I don't it was harmed, the collection at the Carnegie is live species.  The guy who has apparantly taken charge of the animal can be trusted, I think.  The garbage at the front of the article is just press bull crap.  If you read the rest of the article they give a pretty honest overview of the scorp's capabilities.

That said, I never ever would have guessed it but apparantly there are scorpions here in my home state.  That's awesome.

Any idea how they would survive the winter?

Also, these are pretty cool looking scorps.  Are they in the hobby?


----------



## seanrc (Aug 4, 2006)

IN PA?! thats very odd.. they couldnt live in a origin with such flip flop climates.......could they? i stay in ohio and i know damnwell that theres nothing of that type around here *AE(scorps tarantulas)... that just seems kinda odd.. that facts about the particular scorp might be true .. but the location.. mabey not.. i hate it when people blow things out of porportion about these poor creatures... it kinda P***es me off.. oh well youll have that..
-Se7eN


----------



## ashandarei (Aug 4, 2006)

Southern Devils are very hardy critters, in fact they are what sparked my recent interest in scorpions.

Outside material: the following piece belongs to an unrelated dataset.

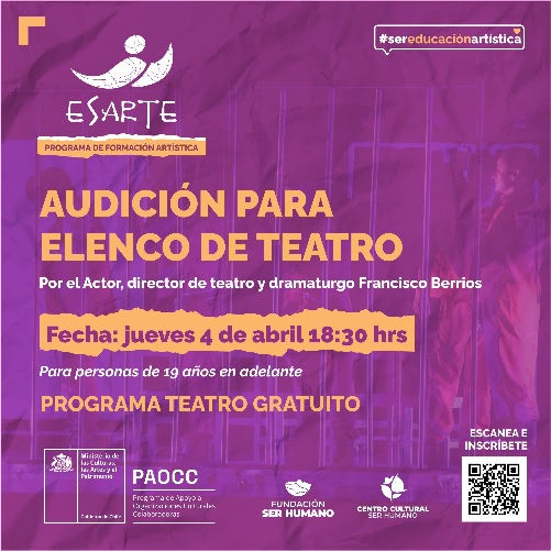 Esarte este 2024 invita a participar de una audición de teatro. No te pierdas la oportunidad de aprender, desarrollar confianza en tí mism@, y ser parte de un montaje escénico.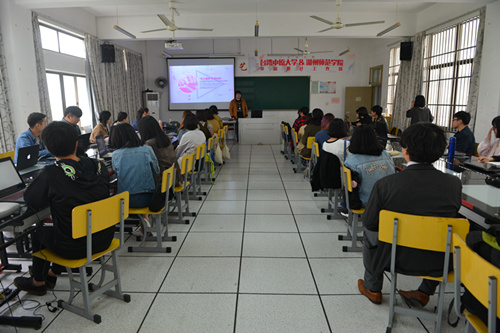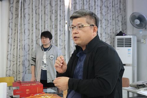 欢迎仪式后,双方师生来到上课地点,由老师开始授课。首先,我校的韩超老师给大家分享“匠人精神的现在时”的课题,分别从概念略述、问题缘起、三者关系,即传统民间工艺美术、文化创意和匠人精神之间的关系,文化更新、更新之路几个方面展开具体演讲。

My brother and my girlfriend and I were at the lake near my home in KY, and we were turning over rocks looking for lizards, when behold out pops a little tiny scorpion. My dear brother, the Scorp Wrangler and I, proceeded to turn over every rock in the vicinity, and in an hour we came up with seven specimens, each about 1 1/4 inches long. I placed them all in a scrubby beach terrarium, and they've been with me for about two months now (excepting the one that climbed the barricade into the lizard tank [it got ate]). They seem to cohabitate fairly well, and are docile.

Since that first collection, I've been going nuts about scorps, and today I purchased my first "real" scorp, p. imperator, and this is my first post on Arachnoboards, greetings fellow arachnid ranchers !


----------



## ink_scorpion (Aug 4, 2006)

I think they shoulda researched the spelling of the latin name of this species before they published the article.   Wonder how exactly the editor earns their money???   Interesting find though, if indeed it is true.


----------



## rattler_mt (Aug 4, 2006)

seanrc said:
			
		

> IN PA?! thats very odd.. they couldnt live in a origin with such flip flop climates.......could they? i stay in ohio and i know damnwell that theres nothing of that type around here *AE(scorps tarantulas)...


lol there are scorps in northeast Montana, though not terribly common and we have about the most extream weather change in the lower 48, over 100(its currently 101, was higher a few weeks ago) in the summer and -40 or lower in the winter before wind chill


----------